If there’s one issue other than just strand rate, it’s the fact that Williams allowed four home runs after the All-Star break in a span of 18 days. All of them were changeups to left-handed hitters that were poorly located either up, or dropped into a lefty’s typical wheelhouse thigh-high on the inner third. Again, the difficulty with relievers is that these samples are extremely small, but Williams then went from August 8 to the end of the season without allowing another home run. He did however have one miserable appearances against the Houston Astros in which he gave up three walks and four earned runs.
So, this all seems to come back a few short bouts of poor command to a level we’ve rarely seen from Devin Williams in his major league career. The stuff looks as good as it ever did. Most teams would be willing to bank that he’ll get back on track, particularly teams that are good at working with pitchers on their mechanics and command. Williams enormous extension, seven and a half feet on his fourseam fastball, probably does make him a bit prone to getting out of rhythm occasionally, but Chris Fetter and Robin Lund specialize in these kinds of fixes. The Tigers will no doubt be willing to bet that they can keep him on track, and the immediate amount of interest in Williams says that most other contenders around the league aren’t particularly concerned about it either.

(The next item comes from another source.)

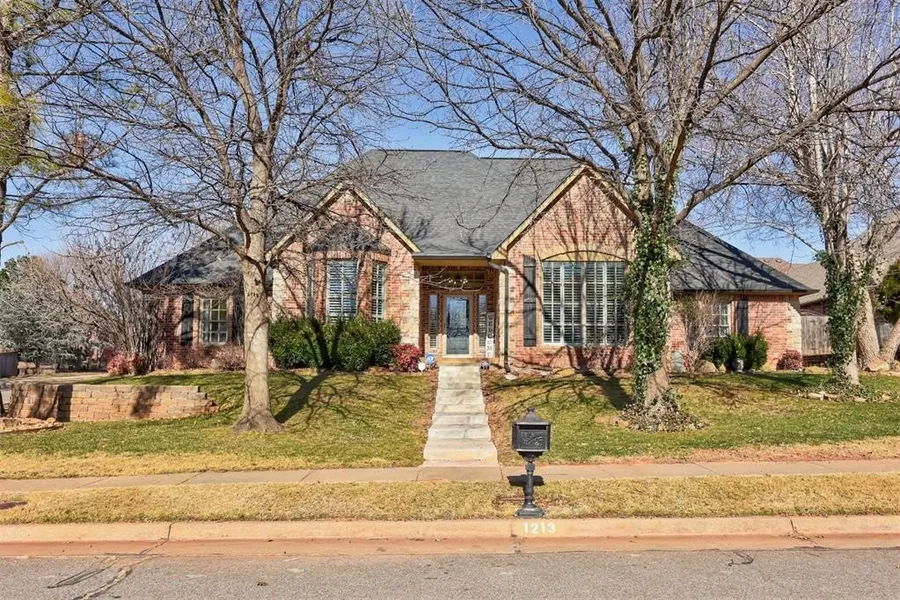 Situated on a prime corner lot in Edmond's highly desirable OakTree Park neighborhood, this beautifully maintained home is designed to impress. Summer days are meant to be spent poolside, and this backyard delivers with a newly renovated, heated saltwater pool with hot tub. Featuring new plaster, new tile, new high-efficiency pump, and WiFi-enabled controls, that's $60,000 in recent upgrades! The backyard oasis also includes a fire pit, outdoor fireplace, pergola, and shed (equipped with electricity) for all your outdoor living needs. Inside, the single-story layout offers four spacious bedrooms, a formal dining room, and a generously sized office-providing flexibility for both everyday living and entertaining. Timeless architectural details shine throughout, including rich woodwork and casing, wood-pane windows, and elegant crown molding that add warmth and character. A storm shelter located is in the garage and the laundry room comes complete with its own sink. Natural light pours in through expansive windows, framing peaceful views of established trees and lush landscaping, all supported by a full sprinkler system. Additional peace of mind comes with a roof replaced in 2021, complete with full guttering with leaf guards! This home offers the perfect balance of space, comfort, and outdoor enjoyment, all within a community that features a clubhouse, pool, tennis/pickleball court, and two neighborhood parks. And for even more outdoor adventure, Mitch Park is just moments away. Additional updates to the home include a newer water heater, all new decor switches and outlets, fresh paint on walls and cabinets, and new garage door opener. Seller's offering $5,000 flooring allowance to allow buyer their preferred selection.

As such a volatile platform season probably suggests, contract projections for Williams are a bit all over the place. The crowdsourced readers of FanGraphs suggest 3 years for $42M total, their analyst guesses 2 years f0r $24M, and MLBTR’s team projects him for 4 years and $68M. Your best guess is as good as anyone else’s. Considering at least a half-dozen teams have been named specifically as interested with at least five additional unnamed teams supposedly in the market, he seems unlikely to come cheaply. Whether that’s a hefty, short-term pillow contract or a long-term commitment that treats 2025 like a blip, and not the start of a trend, is difficult to say from here.
Either way, Detroit will need to spend more than they have on any pitcher, starter or reliever, under Scott Harris to bring in Williams. If he bounces back to his pre-2025 form like most underlying stats expect, that might still be a bargain.